Several research firms do customer service rankings of the four large wireless carriers. Presumably, to make large gains against leaders Verizon (NYSE: VZ) and ATYT (NYSE: T) requires more than attractive deals on smartphones and what appear to be better fees for 4G service. If customers believe it has less than the best customer service, it will be hard for T-Mobile to keep the gains.

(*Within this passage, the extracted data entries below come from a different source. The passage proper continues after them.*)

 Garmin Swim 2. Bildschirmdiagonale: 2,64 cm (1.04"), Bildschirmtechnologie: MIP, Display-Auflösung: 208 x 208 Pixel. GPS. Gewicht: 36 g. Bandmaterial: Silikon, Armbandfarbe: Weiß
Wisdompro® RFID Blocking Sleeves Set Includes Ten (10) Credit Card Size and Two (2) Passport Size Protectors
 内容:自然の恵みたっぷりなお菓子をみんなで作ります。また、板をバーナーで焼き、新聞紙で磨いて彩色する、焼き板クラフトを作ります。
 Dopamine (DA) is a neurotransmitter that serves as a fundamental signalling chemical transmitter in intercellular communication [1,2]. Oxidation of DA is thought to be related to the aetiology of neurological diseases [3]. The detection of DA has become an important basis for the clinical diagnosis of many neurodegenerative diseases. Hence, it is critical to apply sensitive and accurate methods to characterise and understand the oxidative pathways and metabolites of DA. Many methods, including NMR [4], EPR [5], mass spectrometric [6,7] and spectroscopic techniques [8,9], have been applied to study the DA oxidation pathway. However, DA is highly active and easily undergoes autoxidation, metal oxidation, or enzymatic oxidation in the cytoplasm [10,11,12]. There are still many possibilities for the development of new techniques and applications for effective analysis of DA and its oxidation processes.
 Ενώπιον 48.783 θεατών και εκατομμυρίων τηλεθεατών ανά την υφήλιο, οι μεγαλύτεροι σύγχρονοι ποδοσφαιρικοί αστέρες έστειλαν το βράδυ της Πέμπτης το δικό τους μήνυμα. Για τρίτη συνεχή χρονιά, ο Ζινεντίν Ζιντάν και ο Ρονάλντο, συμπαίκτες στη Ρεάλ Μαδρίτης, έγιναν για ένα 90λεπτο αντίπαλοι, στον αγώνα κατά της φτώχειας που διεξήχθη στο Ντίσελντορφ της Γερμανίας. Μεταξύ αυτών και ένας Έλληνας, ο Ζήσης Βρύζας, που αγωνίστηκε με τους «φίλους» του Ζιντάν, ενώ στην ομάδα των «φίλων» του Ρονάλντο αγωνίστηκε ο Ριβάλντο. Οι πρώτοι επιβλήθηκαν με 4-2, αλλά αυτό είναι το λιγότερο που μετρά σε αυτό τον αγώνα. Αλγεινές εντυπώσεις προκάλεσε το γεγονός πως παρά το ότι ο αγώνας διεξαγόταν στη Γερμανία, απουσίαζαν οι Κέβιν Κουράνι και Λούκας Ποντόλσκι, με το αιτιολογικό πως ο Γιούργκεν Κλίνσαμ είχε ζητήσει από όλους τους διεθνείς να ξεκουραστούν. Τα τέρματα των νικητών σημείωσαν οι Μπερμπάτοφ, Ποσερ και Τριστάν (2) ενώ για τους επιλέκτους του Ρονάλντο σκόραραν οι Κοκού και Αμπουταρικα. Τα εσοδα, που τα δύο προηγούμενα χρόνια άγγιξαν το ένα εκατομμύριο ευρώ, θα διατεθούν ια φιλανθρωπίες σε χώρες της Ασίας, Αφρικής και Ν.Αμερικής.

T-Mobile has an unimpressive score in the American Customer Satisfaction Index. It rates 70 out of 100, which is the industry average. The figure is the same as AT&T’s but below Verizon’s. In the J.D. Power Wireless Customer Care Performance Study, T-Mobile has the same rank as Verizon, but is behind AT&T. In the part of the Computer World survey which measured whether customers are “satisfied with the connection availability”, T-Mobile’s results rose substantially, but were still behind AT&T and Verizon. In the latest 24/7 Wall St. “Hall of Shame” report, T-Mobile was ranked in the worst ten among all companies across all sectors. AT&T had slightly worse grades, as did Verizon. But, sitting among the ten worst companies in a survey which measure customer satisfaction across 108 companies means its challenges to gain customers is substantial.

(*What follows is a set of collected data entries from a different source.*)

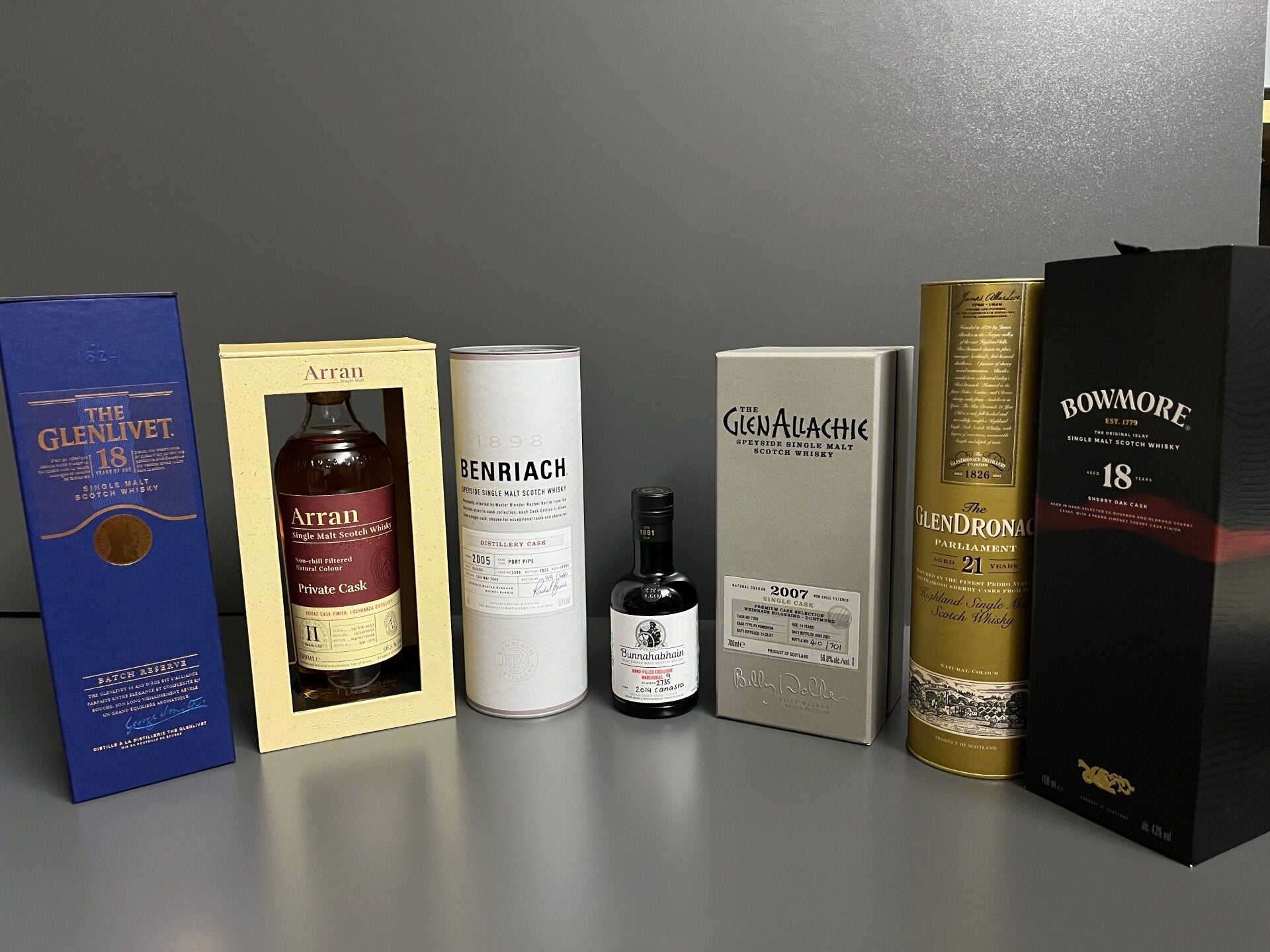 Ein leicht rauchiger, ein rauchiger Whiskys am Ende der Verkostung.(oder zwei Alternativen, nicht jeder mag die rauchigen)
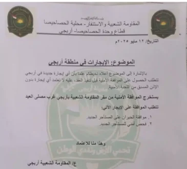 الاخباراعلان مهم من المقاومة الشعبية بمنطقة اربجي ولاية الجزيرة6 أشهر ago71فرضت المقاومة الشعبية بمنطقة اربجي بولاية الجزيرة إجراءات صارمة لايجار المنازل في المنطقة وذلك لضبط حركة التنقل المستمرة والحد من...
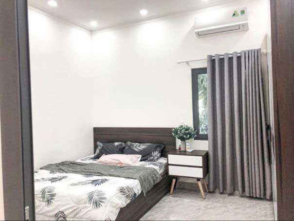 Nội thất phòng ngủ đơn giản, hiện đại tạo không gian riêng tư, gần gũi và thân thiện. Giường ngủ được bố trí ngay sát tường với điểm nhấn là chiếc kệ nhỏ đầu giường. Tủ quần áo phòng ngủ bằng nhựa, với tông màu phù hợp giúp không gian phòng ngủ trở nên rộng rãi và thoáng mát hơn.
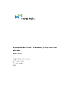 Opinnäytetyö on tehty toimeksiantona Luova toimisto Krealle. Luova toimisto Krea on Haaga-Heliassa toimiva markkinoinnin ja viestinnän opiskelijoiden luova toimisto. Opinnäytetyön tavoite oli rakentaa Krealle digimarkkinointisuunnitelma, jonka avulla voidaan toteuttaa kohdennettua digimarkkinointia. Tavoitteena oli myös suunnitella jo olemassa olevien kanavien käytön lisäksi uusien kanavien käyttöönottoa.

T-Mobile fairly makes the case that it has gained on the market leaders in most of these studies. However, up against the marketing fire power and retail distribution networks of Verizon and AT&T, it has to clearly win in these surveys to make the kind of advances T-Mobile management says it will make. And, in recent quarters it has made modest gains. The proof of whether its recent tactics have worked is how well T-Mobile holds these customers over the next year or two.
T-Mobile spends a good deal of its management time attacking Sprint. However, the real enemies are AT&T and Verizon and how consumers perceive them.